Edouard Philippe et Françoise Nyssen saisiront-ils l’occasion du congrès de l’ABF pour esquisser une politique ambitieuse en faveur de la lecture ? On peut le souhaiter. Pendant trois décennies, jusqu’au début des années 2010, la création, l’agrandissement et la rénovation des bibliothèques publiques, redéfinies comme médiathèques, se sont imposés comme l’alpha et l’omega de toute stratégie municipale, inspirant même en 1993 à Eric Rohmer sa comédie L’arbre, le maire et la médiathèque. Cet engouement a aussi eu ses dérives, telle la concentration des investissements sur les infrastructures, souvent spectaculaires, au détriment de leurs moyens de fonctionnement, avec pour corollaire des horaires d’ouverture réduits. Ce point faible des bibliothèques françaises a été identifié par les ministres de la Culture de François Hollande, avant qu’Emmanuel Macron ne fasse de leur extension le soir et le week-end un de ses objectifs.

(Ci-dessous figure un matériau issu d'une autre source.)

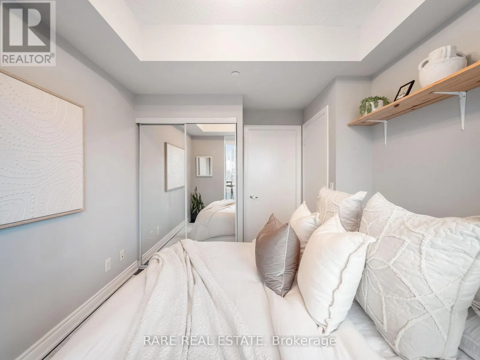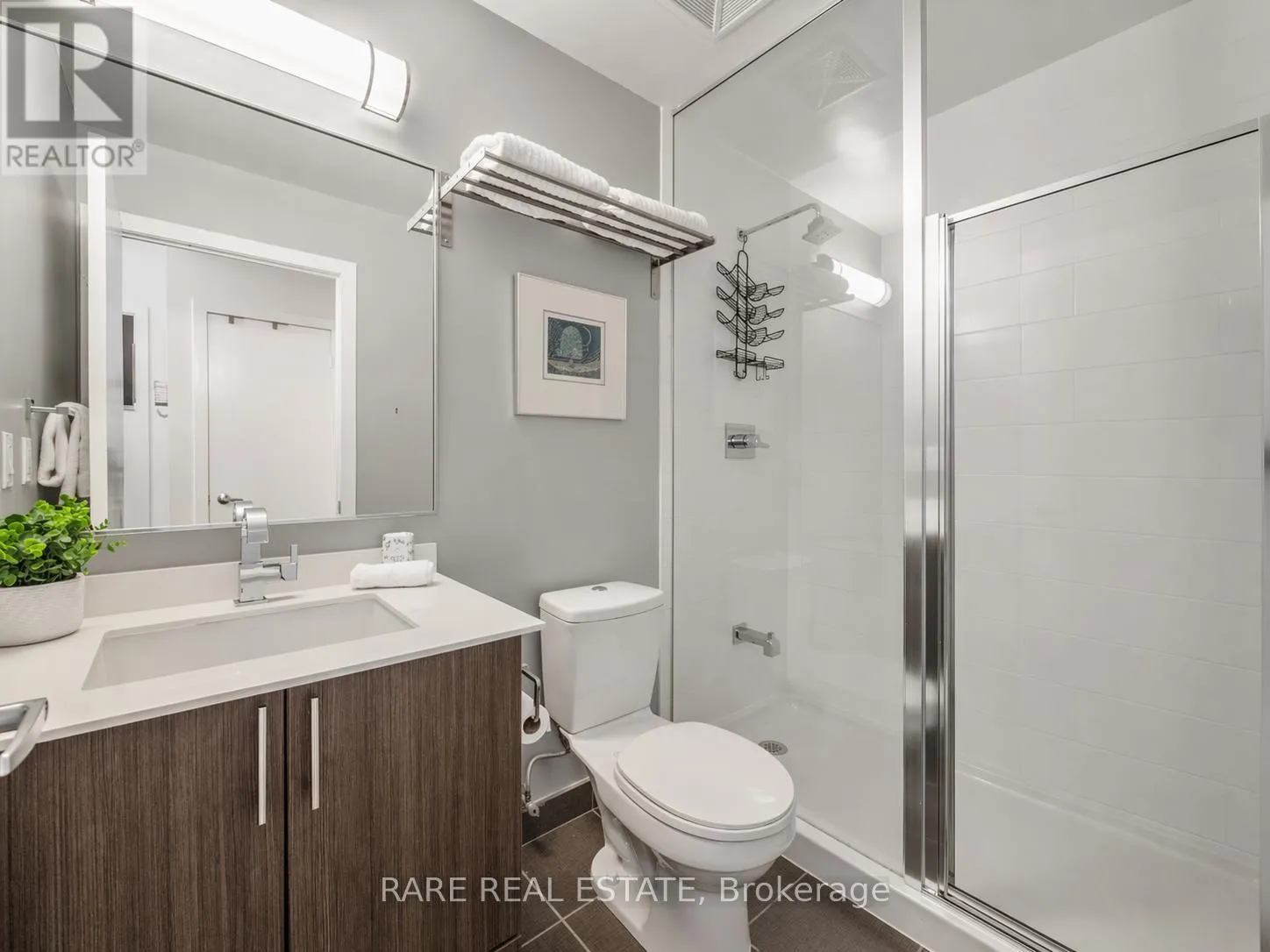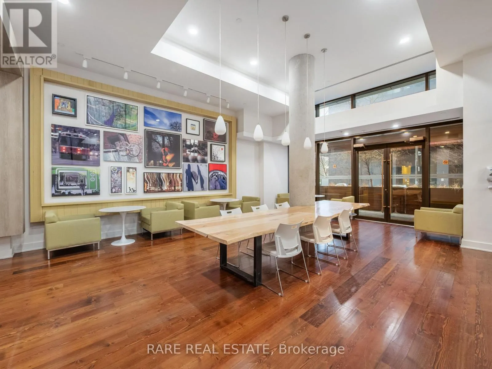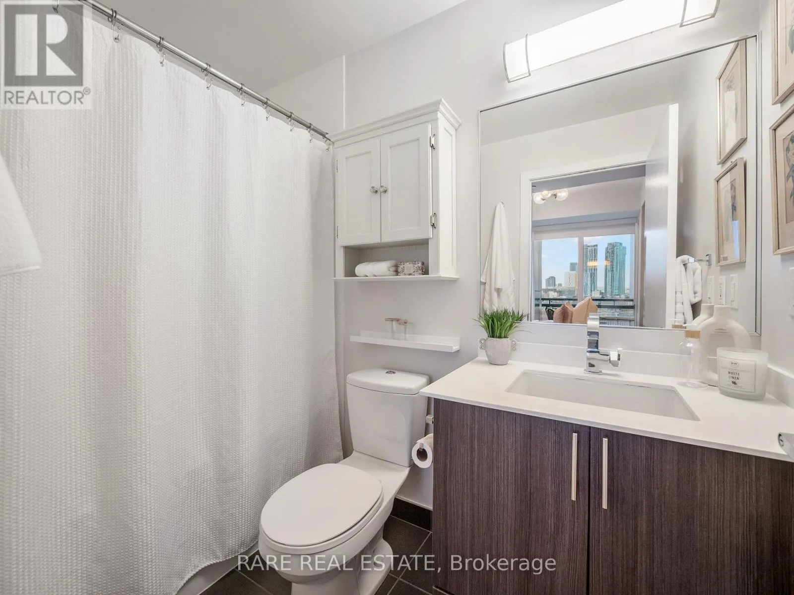 Dundas/River Streets Offers anytime! Welcome to Unit 1106 at Paintbox Condos, a bright and beautifully laid out west-facing 1 bedroom plus den, 2 bathroom suite offering open skyline views and exceptional value in what is widely regarded as one of the area's premier buildings. Developed by Daniels, known for thoughtful design and solid construction, this residence offers the kind of comfort and sound quality that's increasingly hard to find in modern condo living. The building is also recognized for its attentive 24 hour concierge, strong management, consistently well maintained common spaces, and low maintenance fees. Inside the unit, 9 foot ceilings and floor to ceiling windows set the tone for a light filled living experience. The open concept layout flows seamlessly to a private balcony where you can enjoy unobstructed sunset views over the city skyline. The kitchen is finished with full size stainless steel appliances, generous storage, and a practical layout designed for everyday use. The bedroom is well proportioned and features a private 4 piece ensuite, complemented by a custom double row closet system that maximizes storage. A second full bathroom adds flexibility for guests or shared living, while the den provides a true multi use space ideal for working from home, a guest bedroom, or additional functionality. Unit 1106 has been extensively refreshed with thousands invested in upgrades, including new pot lights and designer fixtures throughout. The location is a true highlight, directly across from the Pam McConnell Aquatic Centre and park, and just steps to local favourites like Le Beau and Café Zuzu. With TTC access, downtown core, the Distillery District, the Eaton Centre, and multiple dog parks all nearby, everything you need is within easy reach. A rare opportunity to own a turnkey home in a highly regarded building, offering both lifestyle and unbeatable value. (id:27476)
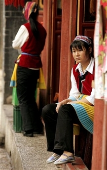 wait for customers at a shop at the World Cultural Heritage city, Lijiang Old
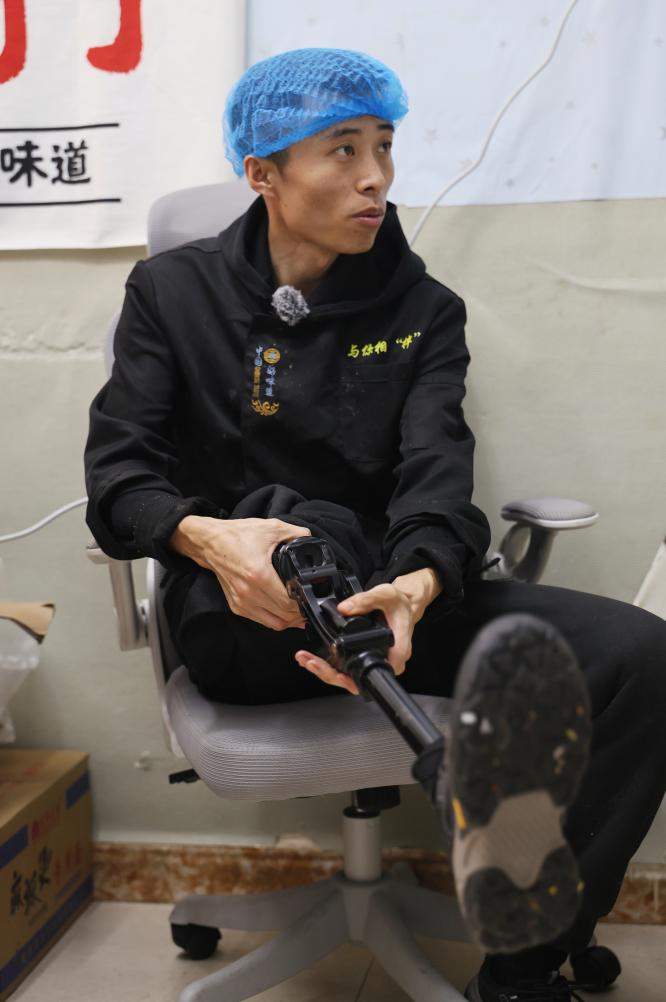 店长赵磊走起路来有些特别,因为多年前的一场意外致使他右腿截肢成了残疾人。靠着积极的心态和做麻辣拌的手艺,他咬牙撑起了自己的小店与生活。

Mais depuis quelques années, par un renversement de perspective, les moyens de la lecture publique sont devenus les variables d’ajustement des budgets en chute libre des collectivités locales. Les sommes dévolues aux acquisitions connaissent des coupes pouvant aller jusqu’à 25 ou 30 %, accentuant les inégalités territoriales pointées par l’ABF. Il est temps que, par la loi s’il le faut, la lecture publique et les établissements qui concourent à sa diffusion, en faisant un vecteur privilégié du lien social, soient reconnus et développés comme les moteurs essentiels de l’essor économique, culturel et démocratique de notre pays.